**Work instruction**
Go through the entries below and print each one exactly.

------ Provided records ------

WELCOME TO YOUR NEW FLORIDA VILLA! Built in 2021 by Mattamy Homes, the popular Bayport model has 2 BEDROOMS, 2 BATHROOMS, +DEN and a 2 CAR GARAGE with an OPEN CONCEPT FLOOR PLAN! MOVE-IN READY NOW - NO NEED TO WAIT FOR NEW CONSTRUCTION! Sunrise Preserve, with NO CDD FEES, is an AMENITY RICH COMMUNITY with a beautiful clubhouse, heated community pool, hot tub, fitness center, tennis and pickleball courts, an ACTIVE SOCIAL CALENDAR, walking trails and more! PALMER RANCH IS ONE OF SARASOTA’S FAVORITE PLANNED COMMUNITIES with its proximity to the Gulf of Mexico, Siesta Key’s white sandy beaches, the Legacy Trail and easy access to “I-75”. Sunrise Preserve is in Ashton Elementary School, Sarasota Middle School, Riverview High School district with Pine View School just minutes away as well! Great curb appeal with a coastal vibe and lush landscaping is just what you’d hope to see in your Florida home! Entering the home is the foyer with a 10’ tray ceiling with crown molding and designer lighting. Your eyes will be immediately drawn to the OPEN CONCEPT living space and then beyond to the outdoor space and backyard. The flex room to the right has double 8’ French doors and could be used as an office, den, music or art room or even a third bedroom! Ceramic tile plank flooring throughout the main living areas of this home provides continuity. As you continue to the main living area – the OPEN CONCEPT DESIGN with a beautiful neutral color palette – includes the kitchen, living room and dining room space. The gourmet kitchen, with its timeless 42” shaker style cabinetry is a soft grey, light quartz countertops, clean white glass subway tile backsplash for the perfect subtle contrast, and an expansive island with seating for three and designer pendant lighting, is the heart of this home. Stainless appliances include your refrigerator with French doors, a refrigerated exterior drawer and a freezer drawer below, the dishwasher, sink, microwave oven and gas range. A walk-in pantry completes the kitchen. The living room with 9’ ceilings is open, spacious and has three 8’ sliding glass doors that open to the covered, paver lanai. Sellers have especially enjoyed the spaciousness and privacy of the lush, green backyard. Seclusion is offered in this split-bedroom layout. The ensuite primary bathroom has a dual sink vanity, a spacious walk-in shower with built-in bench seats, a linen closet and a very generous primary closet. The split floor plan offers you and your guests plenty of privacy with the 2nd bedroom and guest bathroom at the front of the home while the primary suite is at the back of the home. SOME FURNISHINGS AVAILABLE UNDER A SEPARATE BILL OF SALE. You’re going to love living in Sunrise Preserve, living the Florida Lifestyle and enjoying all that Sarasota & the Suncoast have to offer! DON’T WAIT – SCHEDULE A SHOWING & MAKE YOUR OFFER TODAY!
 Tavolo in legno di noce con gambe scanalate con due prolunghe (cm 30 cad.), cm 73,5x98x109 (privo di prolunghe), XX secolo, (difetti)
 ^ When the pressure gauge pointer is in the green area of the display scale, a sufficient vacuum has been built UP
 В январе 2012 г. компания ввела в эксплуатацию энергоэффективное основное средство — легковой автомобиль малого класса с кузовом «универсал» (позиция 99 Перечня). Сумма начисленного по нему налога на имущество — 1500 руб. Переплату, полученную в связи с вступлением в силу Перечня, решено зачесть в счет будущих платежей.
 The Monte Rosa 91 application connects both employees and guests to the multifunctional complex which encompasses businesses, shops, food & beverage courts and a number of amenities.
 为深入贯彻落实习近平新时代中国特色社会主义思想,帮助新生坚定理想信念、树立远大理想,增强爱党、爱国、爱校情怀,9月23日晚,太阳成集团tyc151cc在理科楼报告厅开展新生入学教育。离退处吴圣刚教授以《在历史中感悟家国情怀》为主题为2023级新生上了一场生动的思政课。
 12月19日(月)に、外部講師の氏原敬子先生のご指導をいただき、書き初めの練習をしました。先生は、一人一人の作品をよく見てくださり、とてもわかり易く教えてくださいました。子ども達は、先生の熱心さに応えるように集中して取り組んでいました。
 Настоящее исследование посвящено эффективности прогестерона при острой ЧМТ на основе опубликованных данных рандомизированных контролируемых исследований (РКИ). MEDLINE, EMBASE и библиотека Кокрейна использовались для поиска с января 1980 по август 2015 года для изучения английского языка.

------

**Task solution**
WELCOME TO YOUR NEW FLORIDA VILLA! Built in 2021 by Mattamy Homes, the popular Bayport model has 2 BEDROOMS, 2 BATHROOMS, +DEN and a 2 CAR GARAGE with an OPEN CONCEPT FLOOR PLAN! MOVE-IN READY NOW - NO NEED TO WAIT FOR NEW CONSTRUCTION! Sunrise Preserve, with NO CDD FEES, is an AMENITY RICH COMMUNITY with a beautiful clubhouse, heated community pool, hot tub, fitness center, tennis and pickleball courts, an ACTIVE SOCIAL CALENDAR, walking trails and more! PALMER RANCH IS ONE OF SARASOTA’S FAVORITE PLANNED COMMUNITIES with its proximity to the Gulf of Mexico, Siesta Key’s white sandy beaches, the Legacy Trail and easy access to “I-75”. Sunrise Preserve is in Ashton Elementary School, Sarasota Middle School, Riverview High School district with Pine View School just minutes away as well! Great curb appeal with a coastal vibe and lush landscaping is just what you’d hope to see in your Florida home! Entering the home is the foyer with a 10’ tray ceiling with crown molding and designer lighting. Your eyes will be immediately drawn to the OPEN CONCEPT living space and then beyond to the outdoor space and backyard. The flex room to the right has double 8’ French doors and could be used as an office, den, music or art room or even a third bedroom! Ceramic tile plank flooring throughout the main living areas of this home provides continuity. As you continue to the main living area – the OPEN CONCEPT DESIGN with a beautiful neutral color palette – includes the kitchen, living room and dining room space. The gourmet kitchen, with its timeless 42” shaker style cabinetry is a soft grey, light quartz countertops, clean white glass subway tile backsplash for the perfect subtle contrast, and an expansive island with seating for three and designer pendant lighting, is the heart of this home. Stainless appliances include your refrigerator with French doors, a refrigerated exterior drawer and a freezer drawer below, the dishwasher, sink, microwave oven and gas range. A walk-in pantry completes the kitchen. The living room with 9’ ceilings is open, spacious and has three 8’ sliding glass doors that open to the covered, paver lanai. Sellers have especially enjoyed the spaciousness and privacy of the lush, green backyard. Seclusion is offered in this split-bedroom layout. The ensuite primary bathroom has a dual sink vanity, a spacious walk-in shower with built-in bench seats, a linen closet and a very generous primary closet. The split floor plan offers you and your guests plenty of privacy with the 2nd bedroom and guest bathroom at the front of the home while the primary suite is at the back of the home. SOME FURNISHINGS AVAILABLE UNDER A SEPARATE BILL OF SALE. You’re going to love living in Sunrise Preserve, living the Florida Lifestyle and enjoying all that Sarasota & the Suncoast have to offer! DON’T WAIT – SCHEDULE A SHOWING & MAKE YOUR OFFER TODAY!
 Tavolo in legno di noce con gambe scanalate con due prolunghe (cm 30 cad.), cm 73,5x98x109 (privo di prolunghe), XX secolo, (difetti)
 ^ When the pressure gauge pointer is in the green area of the display scale, a sufficient vacuum has been built UP
 В январе 2012 г. компания ввела в эксплуатацию энергоэффективное основное средство — легковой автомобиль малого класса с кузовом «универсал» (позиция 99 Перечня). Сумма начисленного по нему налога на имущество — 1500 руб. Переплату, полученную в связи с вступлением в силу Перечня, решено зачесть в счет будущих платежей.
 The Monte Rosa 91 application connects both employees and guests to the multifunctional complex which encompasses businesses, shops, food & beverage courts and a number of amenities.
 为深入贯彻落实习近平新时代中国特色社会主义思想,帮助新生坚定理想信念、树立远大理想,增强爱党、爱国、爱校情怀,9月23日晚,太阳成集团tyc151cc在理科楼报告厅开展新生入学教育。离退处吴圣刚教授以《在历史中感悟家国情怀》为主题为2023级新生上了一场生动的思政课。
 12月19日(月)に、外部講師の氏原敬子先生のご指導をいただき、書き初めの練習をしました。先生は、一人一人の作品をよく見てくださり、とてもわかり易く教えてくださいました。子ども達は、先生の熱心さに応えるように集中して取り組んでいました。
 Настоящее исследование посвящено эффективности прогестерона при острой ЧМТ на основе опубликованных данных рандомизированных контролируемых исследований (РКИ). MEDLINE, EMBASE и библиотека Кокрейна использовались для поиска с января 1980 по август 2015 года для изучения английского языка.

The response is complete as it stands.